Saint Kuriakose Elias Chavara, CMI (10 February 1805 – 3 January 1871) was an Indian Catholic priest, religious, philosopher and social reformer. He is the first canonised Catholic male saint of Indian origin and was a member of the Syro-Malabar Church, an Eastern Catholic church.
He was the co-founder and first Prior General of the Carmelites of Mary Immaculate (CMI), the first religious congregation for men in the Syro-Malabar Church. The Congregation of the Mother of Carmel (CMC), originally known as the Third Order of Discalced Carmelites (TOCD), was founded by St Kuriakose Elias Chavara in 1866 in Kerala.

==Early life==
Kuriakose Elias Chavara was born on 10 February 1805 at Kainakary, Kerala in a Nasrani Christian family as the son of Iko (Kuriakose) Chavara and Mariam Thoppil. Nasranis are Saint Thomas Christians (also known as Syriac Christians) who trace their lineage to the ancient Christians of Kerala baptised by Thomas the Apostle. The name Kuriakose is derived from the Syriac Aramaic name ܩܘܪܝܩܘܣ (Quriaqos). He was baptised on 18 February 1805 at St. Joseph's Syro-Malabar Catholic Church, Chennamkary. On 8 September 1805, Chavara was dedicated to Blessed Virgin Mary at St. Mary's Church, Vechoor. The Chavara family has derived from the ancient Nasrani family Meenappally in Kainakary.
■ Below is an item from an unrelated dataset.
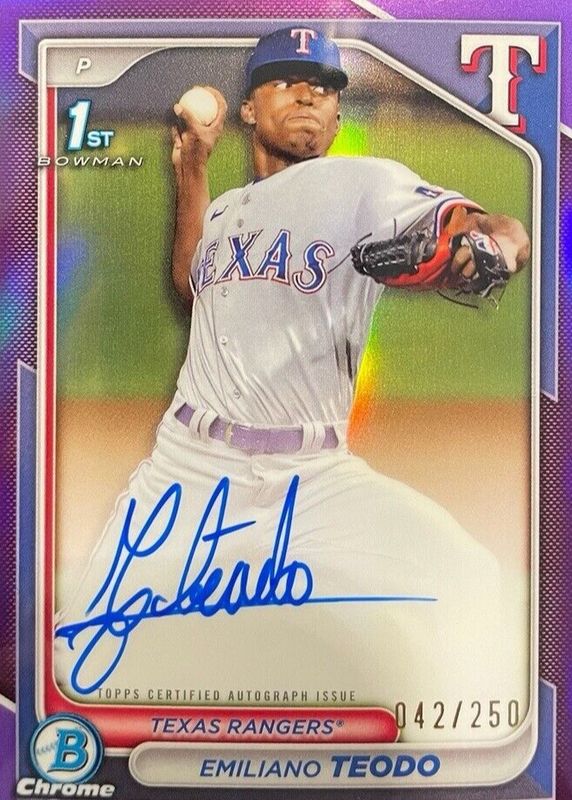 The Emiliano Teodo 2024 Bowman Chrome #CPA-ETE Prospect Auto - Purple Refractor /250 (1st) card in Raw condition has moved up $8.00 (+400%) in the last 30 days and was last sold for $10.00 .

In his childhood, Kuriakose attended the village school. There he studied language and elementary sciences. He entered the seminary in 1818 in Pallipuram where Palackal Thoma Malpan was the Rector. He was ordained a priest on 29 November 1829 and celebrated first Holy Qurbana at St. Andrew's Basilica, Arthunkal, Alappuzha. His special intention during the first Holy Qurabana was the realization of the religious institute which was being contemplated by Palackal Thomas Malpan, Porukara Thomas
Kathanar, Brother Jacob Kaniathara and himself.

==Later life==
Kuriakose Elias Chavara joined with two other priests, Palackal Thoma Malpan and Porukara Thoma Kathanar to lead a monastic life. The name of the community they founded was Servants of Mary Immaculate. The foundation for the first monastery at Mannanam was laid on 11 May 1831 by Porukara Thomas Kathanar. Palackal Malpan and Porukara Kathanar died in 1841 and 1846 respectively. On 8 December 1855, Kuriakose Elias Chavara and ten other priests took vows in the Carmelite tradition. He was nominated as the Prior General of Mannanam monastery. The congregation became affiliated as a Third Order institute of the Discalced Carmelites. From that point on they used the postnominal initials of TOCD.

==Social reformer==
Kuriakose Elias Chavara initiated reforms in the Kerala society much before Narayana Guru (1853) Chattambi Swamikal (1853) and Vakkom Abdul Khadar Maulavi (1854). Though he hailed from a Syriac Christian family, which occupied a higher social status, he played a major role in educating and uplifting people especially of the lower ranks of society.

===Education===
Kuriakose Chavara started an institution for Sanskrit studies at Mannanam in 1846. A tutor belonging to the Variar community was brought from Thrissur, to teach at this Sanskrit institution. After establishing the Sanskrit institution in Mannanam, Chavara took the initiative to start a school in a nearby village called Arpookara. On this Parappurath Varkey wrote in the Chronicles of the Mannanam monastery: “While the work on the Mannanam School began, a place on the Arpookara Thuruthumali hill was located to build a Chapel and school for the converts from the Pulaya caste." Chavara was the first Indian who not only dared to admit the untouchables to schools but also provided them with Sanskrit education which was forbidden to the lower castes, thereby challenging social bans based on caste, as early as the former part of the 19th century.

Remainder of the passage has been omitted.